Mental Monday: Rejection

Hey, welcome back to Mental Monday where today will be talking about rejection. I know what you’re thinking. “Everybody who’s been rejected went through depression.” Yeah true, very true, but how about the people who are dealing with depression every day of their lives? See, people think that rejection is a simple thing to get over, but with someone with depression, it’s not so simple. That person’s mind is spinning out of control with so many negative thoughts and with those negative thoughts come negative actions.

As we all know this week the one holiday that I hate the most, Valentine’s day is going to be here and let’s face it. If you’re like me and/or reading this, you don’t have a Valentine this year. For me, this would be like…you know what we’re not going to go there right now. Let’s stay on the topic at hand. What to do and not to do during rejections.

What to Do?

Look, I get it, I really do. Rejection is like an arrow going through heart, but instead of you falling in love. You’re bleeding out your emotions all over your pillow. Wondering why that boy or that girl turned you down. Especially when you thought you had a chance. You sat there and asked yourself what made you stick out from the rest of them. Only to get shot down and lose to someone that you think was less worthy than you for that person’s love.

Clearly, you were wrong. Clearly, you made a miscalculation. However, the best thing you should do is let out all your anger and frustrations out. Just let out all the pain. If you want to cry for hours let the tears flow. If you want to listen to sad music for a while go ahead. Maybe a sad movie might help. Just make sure you release the pain your feeling in a positive way.

Next, you should try and talk to the person that rejected to see what they say. Getting answers/closure is a great way to start healing from the ordeal. As well as learn a few things about yourself. Some people do reject you for good reasons, while others not so much. But we’ll talk about that in a minute.

After that, you should try to see if anything you learn about the rejection can be changed. Try to improve on any flaws that you think can use some sprucing up. Remember though you’re only human and you will always have flaws. So, for everything that is holy, don’t try to make yourself a perfect person. It won’t work.

Finally, you should just be yourself for a while. Forgive the person that rejected you and tell him/her thank you for the lesson. Or don’t, it doesn’t really matter at this point. Just know that stopping and thinking about yourself for a minute can help you heal and let you move on with life.

What Not to Do?

Do not under any circumstances drag this person through the mud. Whether that’s literally or figuratively just don’t do it. Why?
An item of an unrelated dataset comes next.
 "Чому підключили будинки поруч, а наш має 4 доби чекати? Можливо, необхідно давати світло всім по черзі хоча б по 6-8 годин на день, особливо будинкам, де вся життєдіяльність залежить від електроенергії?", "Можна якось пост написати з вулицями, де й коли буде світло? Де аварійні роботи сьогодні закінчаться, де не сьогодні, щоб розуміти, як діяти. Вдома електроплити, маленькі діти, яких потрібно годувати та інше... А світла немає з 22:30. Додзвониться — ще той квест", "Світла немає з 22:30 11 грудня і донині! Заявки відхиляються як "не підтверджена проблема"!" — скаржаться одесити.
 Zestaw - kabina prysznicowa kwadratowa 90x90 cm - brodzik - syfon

Well, we don’t what everyone thinking you’re crazy and that’s why you got rejected. Or people believing that you’re childish because you can’t handle it. Acting out in a negative way like that does not help you at all, and it’s best to follow the do’s above.
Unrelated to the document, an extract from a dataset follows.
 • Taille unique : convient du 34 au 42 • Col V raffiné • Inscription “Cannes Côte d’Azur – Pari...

Don’t punch a wall. I met people who got so upset that they started punching a wall…a brick wall. You can imagine the damage they done to their hands by doing so. So, if you want to punch something. Please, invest in a punching bag, just look one up on Amazon or Walmart. Just don’t punch a wall.

Don’t start cutting up pictures of them. I never saw the point of that, and it only makes you think of violent thoughts towards said person. So, no cutting up pictures. Just throw them away or bury them in your closet. That doesn’t mean to stash that said person in your closet either.
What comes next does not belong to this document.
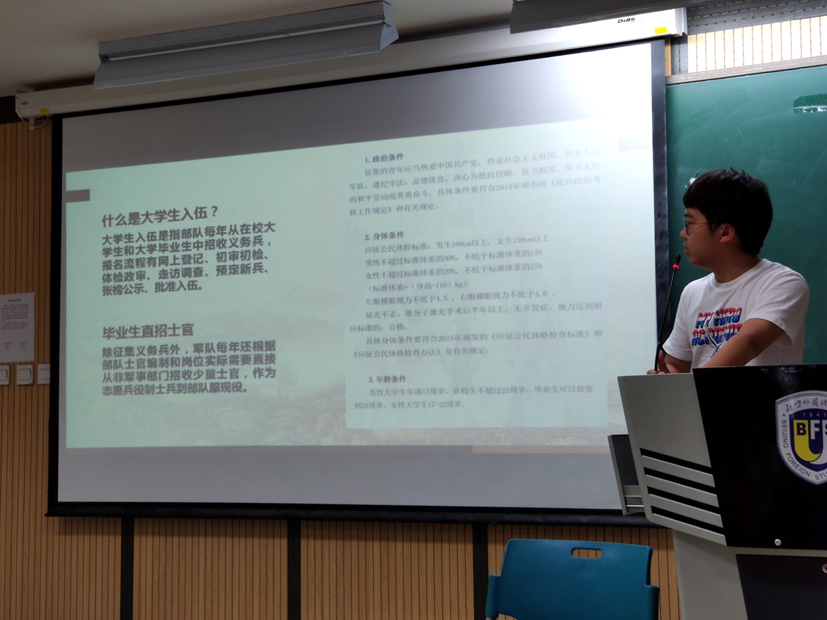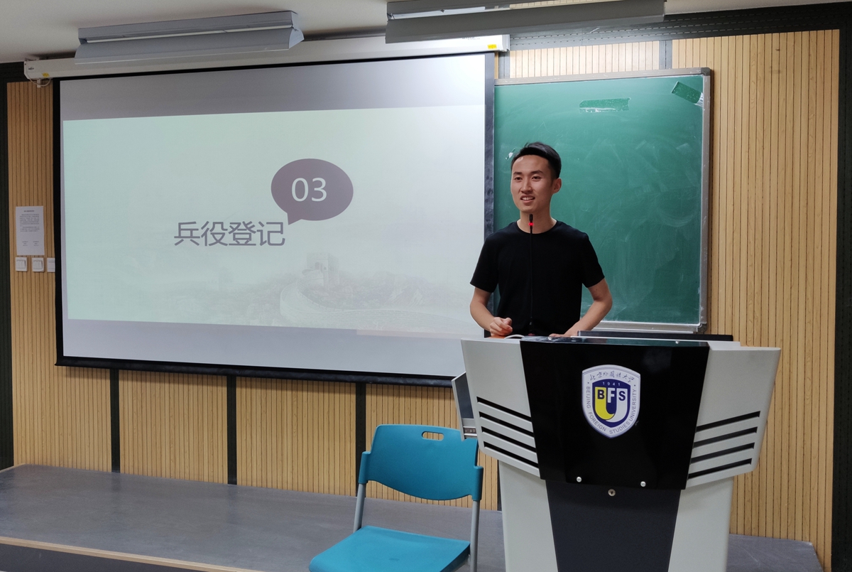 5月29日下午18:00,国际商学院2019年度征兵工作动员大会在西院综合楼309教室召开。会议由2018级本科生辅导员、学院兵役领导小组联络员王米川主持,14级优秀退役大学生士兵高家俊和17、18级全体男学生及部分女学生参会。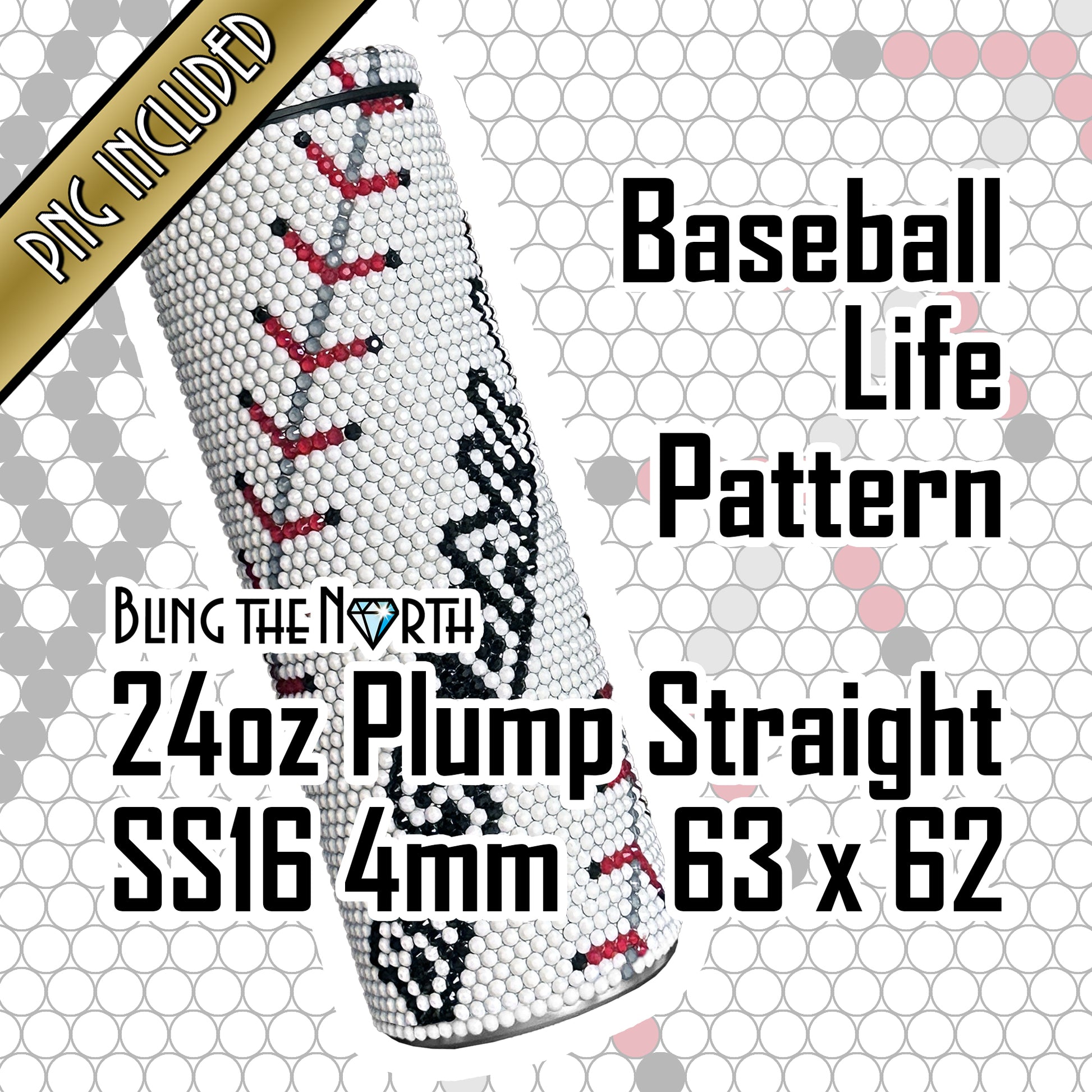 BASEBALL LIFE Custom NAME Rhinestone Pattern Template | SS16 4mm - 24oz Plump Straight Tumbler Design | PNG for Sublimation or Vinyl

Don’t blame yourself for your shortcomings. I know that I mention earlier that you should work on your flaws. That’s just some bs. If your flaws don’t really have a negative effect on the person that rejected, you. Then you’re fine and they just don’t see the special person you could’ve been in their life. So, try your best not to blame yourself, you’ll make it worse on you.


People who are dealing with depression handle rejection differently. Some may deal with it for one day and be okay the next day. Some deal with it in weeks, maybe months at a time. The bottom line is people with depression deal with rejection and heartaches more than someone that isn’t depressed. Therefore, we deal with it differently. To the person that’s reading this and wondering how to handle rejection. It doesn’t matter how long you take. Whether that’s a day, weeks, or even a month. If you just take my advice on the dos. It’ll help you on the path to healing and moving on in life, and maybe one day that special person will come in your life. Right now, all I want you to do is fight and live.